This Creamed Spinach is a decadent and rich side dish that combines fresh spinach with a creamy sauce and is the perfect addition to a romantic dinner.
I have always loved spinach. I think my love affair with this mild yet incredibly healthy dark leafy greens started because of Popeye. I kid you not. When he squeezed that can of spinach (can you even buy spinach in a can?) into his mouth, it always looked so freakin’ delicious. I don’t remember eating much fresh spinach when I was a kid, but we ate a lot of frozen spinach. I remember cooking up pretty large quantities and enjoying it on my plate with some butter and salt. I’m pretty sure my love of spinach is why I’m still alive today and cancer free (so far) despite the vast amount of processed foods we ate growing up. Pretty much everyone my age did because I don’t think anyone realized how toxic those Hungry Man TV dinners were. Oh, I used to love those.
From time to time we would get frozen creamed spinach too. I remember loving it. I’m pretty sure that if I tasted the same stuff today, I would think it was disgusting. This creamed spinach I made for this post is drastically different than the frozen stuff I ate as a kid too. No, this is the real thing. The kind of rich and creamy side you’d see at a fancy and very expensive steak house. Its the ultimate combination of good versus bad, healthy versus naughty, good for your heart versus bad for your arteries. But it is oh so good.
- 10 ounce package baby spinach washed
- 1 Tbs salted butter
- 2 shallots diced
- 2 cloves garlic minced
- 1 Tbs all purpose flour
- 1/2 cup milk
- 1/2 cup heavy cream
- 1/4 cup grated parmesan cheese
- 1/2 tsp white pepper
- dash of nutmeg
- salt to taste
- In a medium saucepan, boil about a half inch of water.

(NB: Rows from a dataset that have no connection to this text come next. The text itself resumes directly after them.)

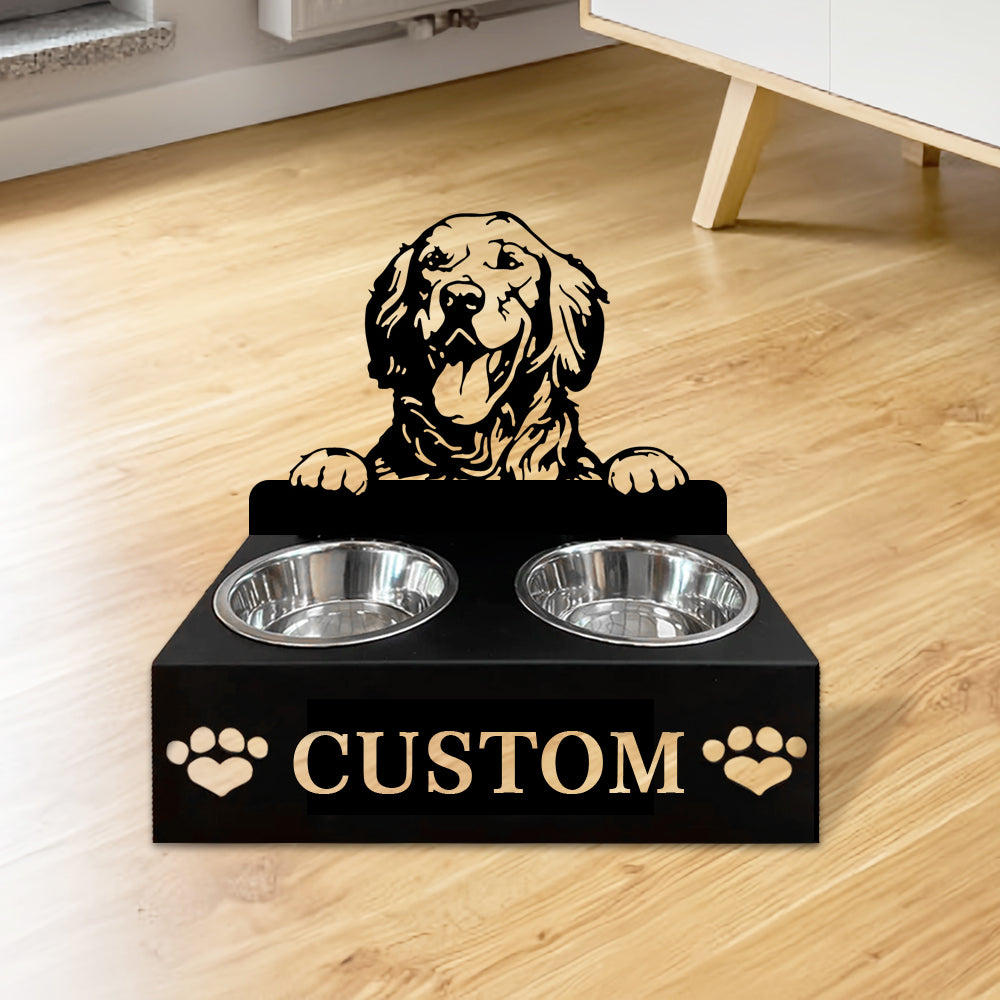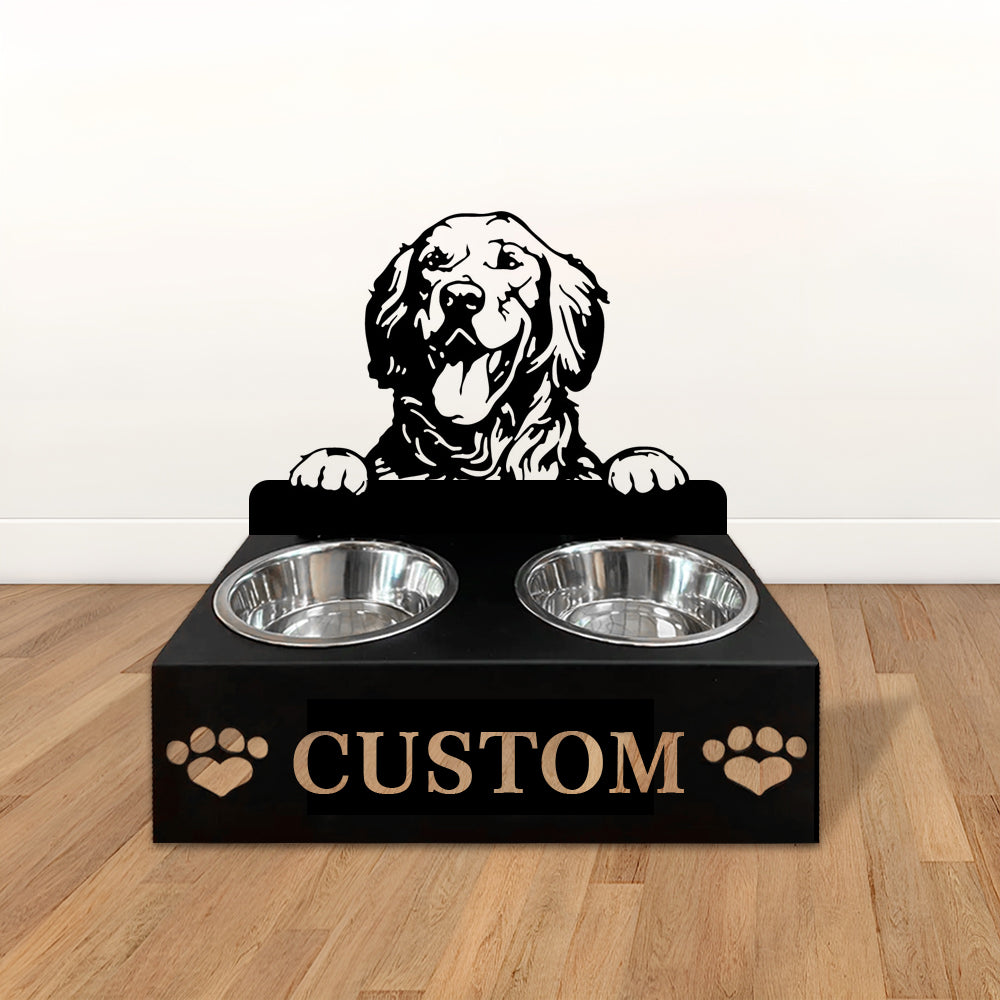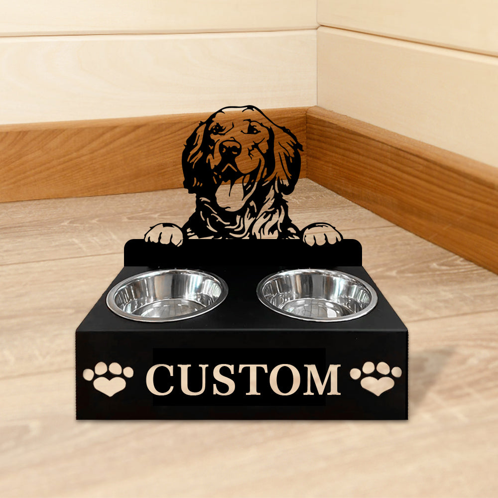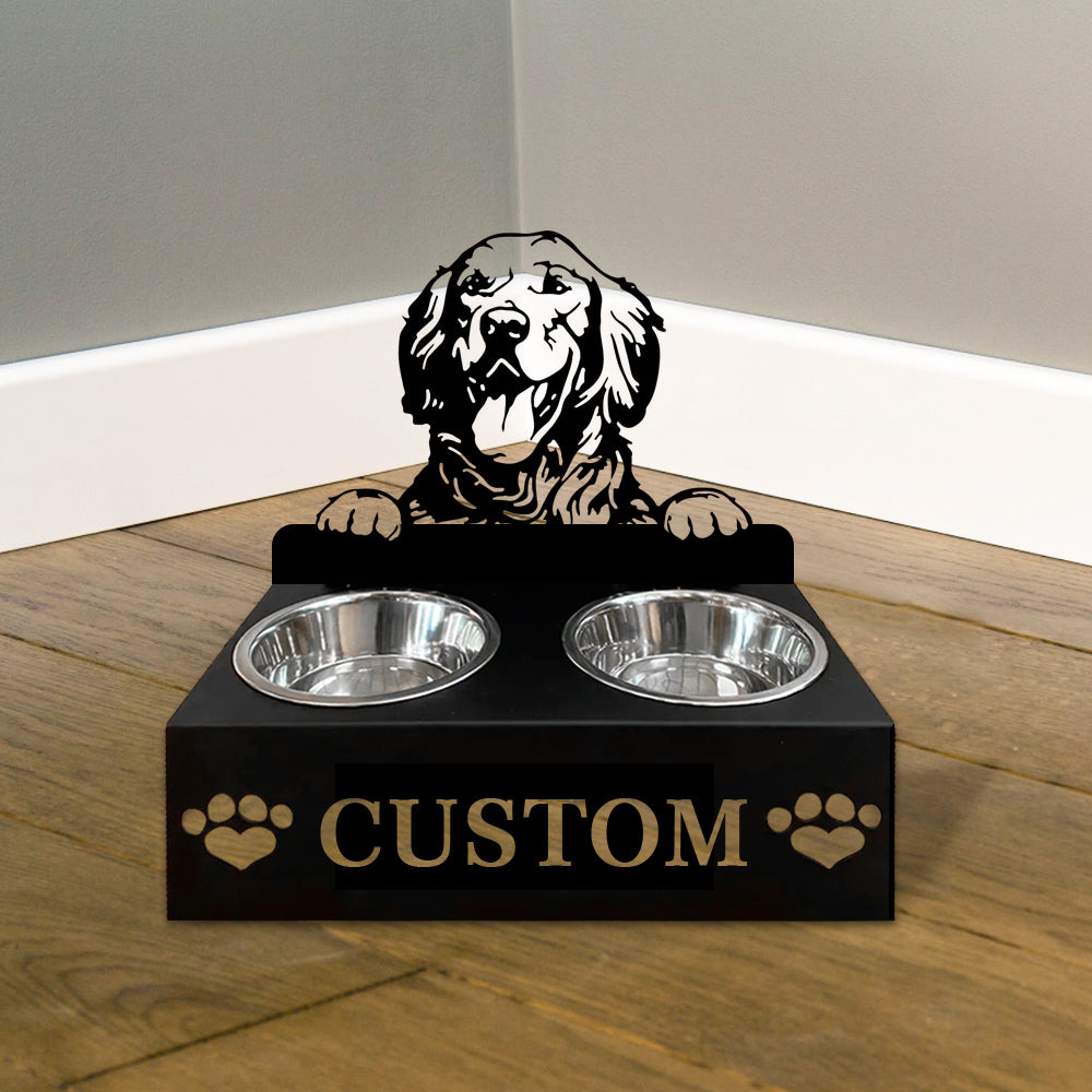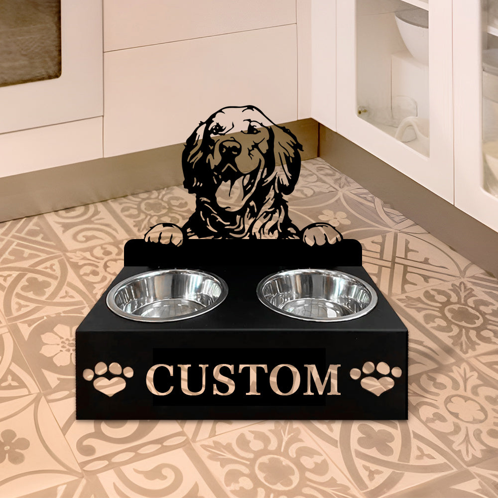 Golden Retriever Personalized Name Pet Food Bowl Holder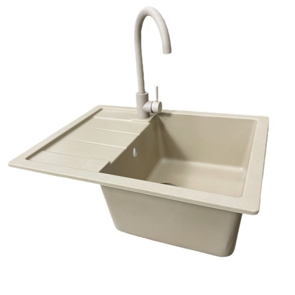 Кухонний набір Adamant Anila поєднує мийну з міцного штучного мінерального матеріалу та змішувач у сучасному дизайні. Мийка виконана у прямокутній формі з крилом та має зручну основну чашу для щоденного використання. Матеріал стійкий до високих температур, подряпин і впливу побутової хімії. Змішувач доповнює комплект, забезпечуючи комфортне регулювання води та плавну роботу. Набір створений для тих, хто цінує практичність, довговічність і приємну естетику на кухні.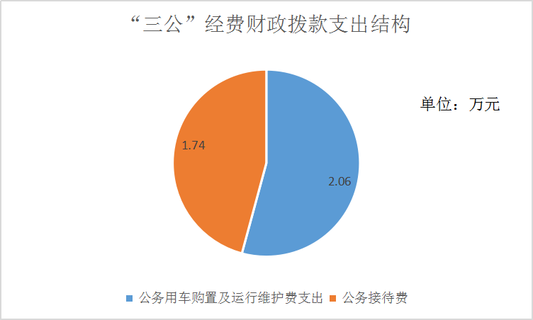 2019年“三公”经费财政拨款支出决算中,因公出国(境)费支出决算0万元,占0%;公务用车购置及运行维护费支出决算2.06万元,占45.78%;公务接待费支出决算1.74万元,占38.66%。具体情况如下: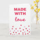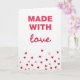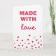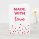 This greeting card features a wide field of bright white space that feels open and calm, letting the message read like a quiet note between two people 🥰. Near the center, the words “MADE WITH” sit in uppercase magenta letters, set in a sturdy sans‑serif style that stands out clearly against the white. Directly beneath, “love” appears in a smooth, flowing pink cursive that softens the look, like a gentle signature added with care ❤️. The two lines are stacked and centered, creating a simple focal point that draws your eyes in without crowding the design. Along the lower area, a sprinkle of small paper hearts drifts downward, suggesting a sweet exchange, like little tokens left behind after a kind gesture. The hearts alternate between ruby red and rose pink, and each one shows a faint shadow that makes it look slightly lifted from the surface. Everything is evenly lit, so the colors stay crisp and the tiny shadows remain easy to see. The bottom section is dotted with scattered hearts in red and pale pink, each with a thin gray shadow on the white background.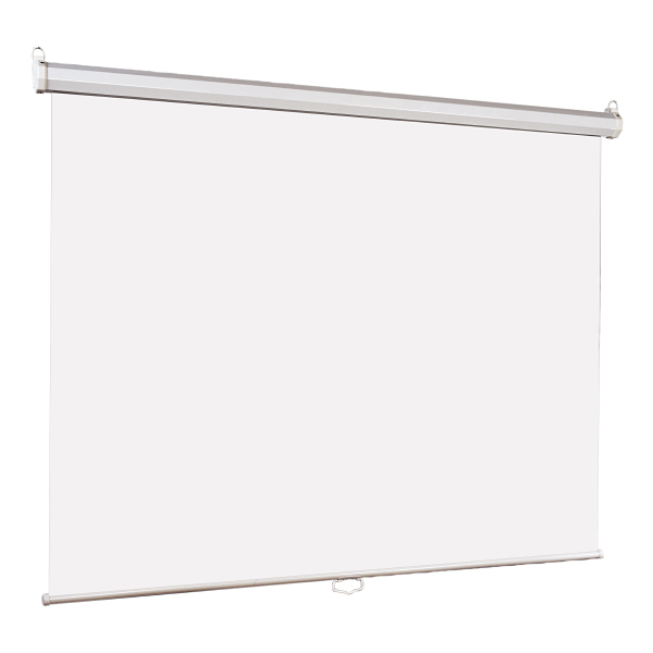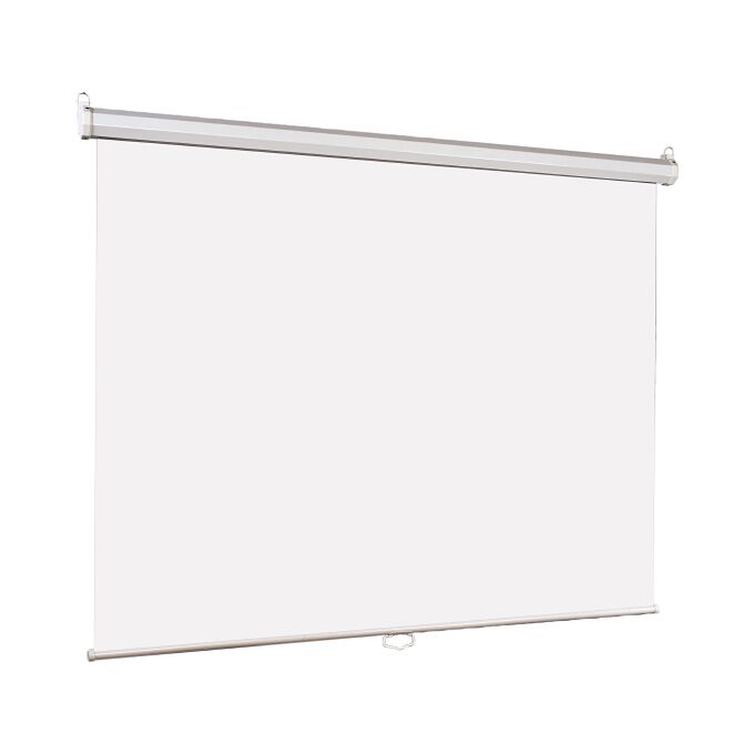Размер полотна: 150 х 150 см, угол обзора 160°, универсальное полотно с белой матовой поверхностью, равномерное распределение света, отсутствие швов на проекционной поверхности, пружинный механизм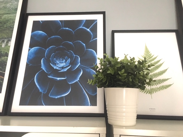 Je suis fan de l’accumulation de cadre sur un mur. Moi même je dévore de cette façon mon intérieur. En ce moment je travaille sur l’impression et l’encadrement de mes propres illustrations. J’aime beaucoup la succulente bleue.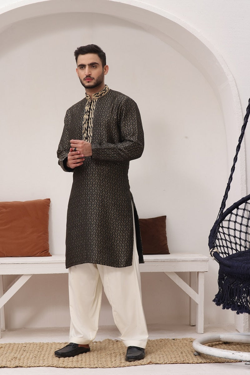 Men's Formal Kurta Shalwar on Self Texture with Hand Embroidery on Collar and Front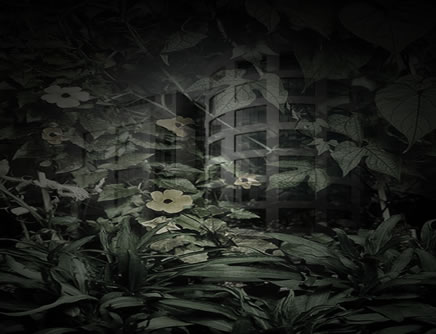 He was looking out of one of the windows. The room had several very large ones, but the blinds were drawn across them all. Rory had pulled one back and looked out at what he had first assumed to be dusk. Now he saw that the strong sunlight of a mid-afternoon was simply obscured by thick vines growing across the windows.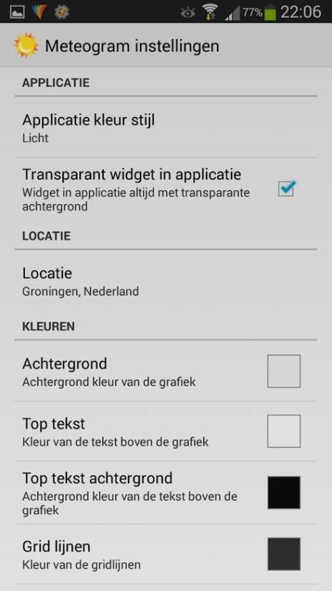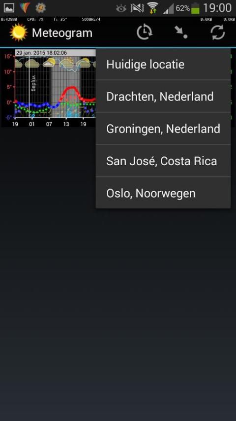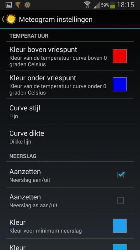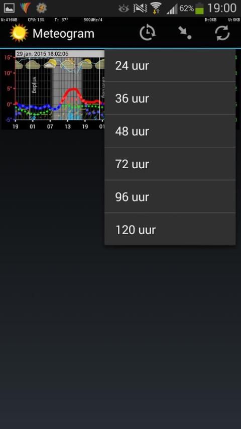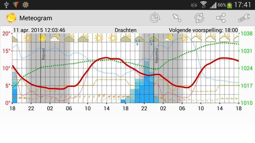 ويظهر التطبيق meteogram على الرسم البياني للتنبؤ بالطقس التيار أو موقع محدد مسبقا. الرسم البياني يحتوي على: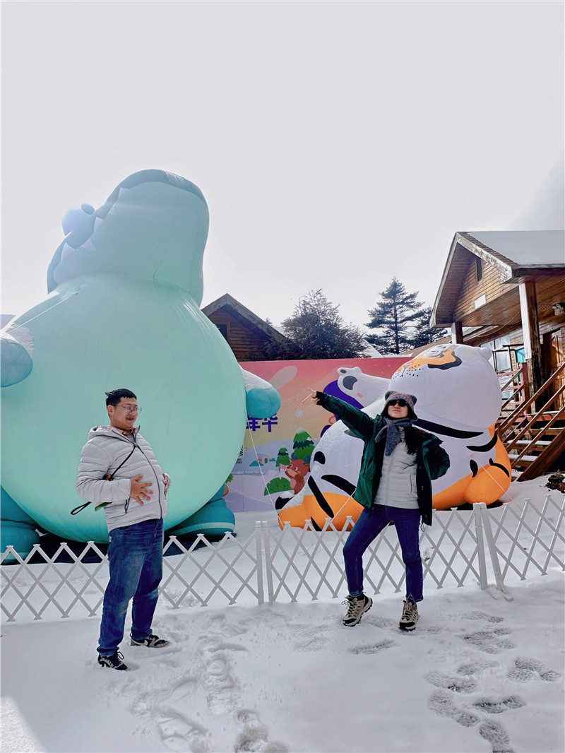 这个冬季,占地约6000平方米的戏雪乐园经过迭代焕新,正以崭新的姿态迎接游客的到来。据华侨城云南景区公司副总经理、轿子山公司董事长、总经理汤娜介绍,戏雪乐园包括自由娱雪区、冰雕馆、花溪草庐打卡出片区、雪地体验区等多片区域,游客不仅可以观赏冰雕艺术、拍照打卡大型动物主题气模和雪山玫瑰陈列,还能尽情体验雪地穿越、雪上飞碟、雪地挖掘机等游乐项目,感受冰雪运动的激情与刺激。
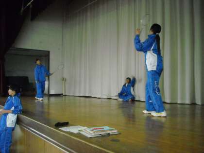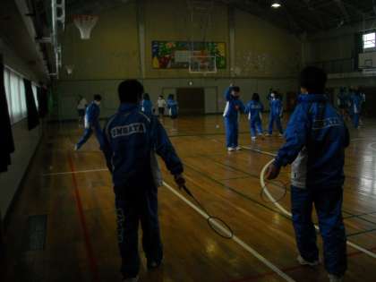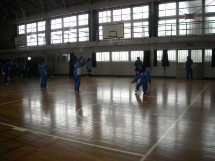 都立受験で生徒が少ないので、全クラス合同で体育館で行いました。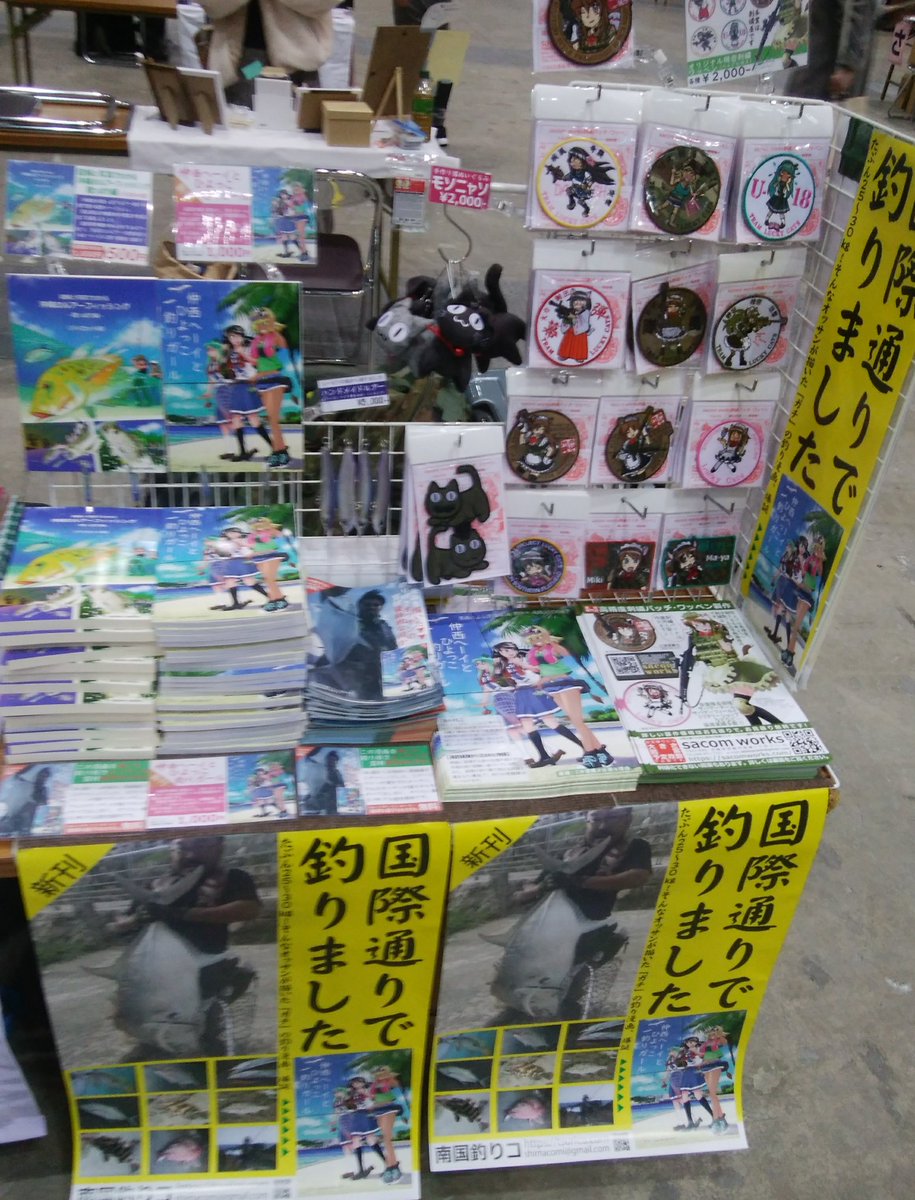 112ページのオリジナル釣り漫画から沖縄釣りのガイド本、オッサンのプロモ冊子、刺繍ワッペンに猫ぬいぐるみにハンドメイドルアーまで!散らかったブースですが2回ワクチンPCR検査もクリアして、沖縄からCOMITIA139へ。魚持ったオッサンが目印の「こ28a」へめんそーりよ~ #COMITIA139 #コミティア

Add the spinach and cover. Allow to cook only until all the spinach has wilted, about a minute, then transfer to a bowl of ice water. Drain the spinach and squeeze out as much liquid as possible. Roughly chop the blanched spinach and set aside.
- In a large pan over medium high heat, melt the butter and cook the shallots until fragrant, about 2 minutes. Add the garlic, stir, and cook for another minute.
- Reduce the heat to medium, add the flour, stir, and allow to cook for about 2-3 minutes. Whisk in the milk and the heavy cream and stir until the mixture thickens. Remove from heat and stir in parmesan and chopped spinach. Season with white pepper, nutmeg, and salt. Serve immediately.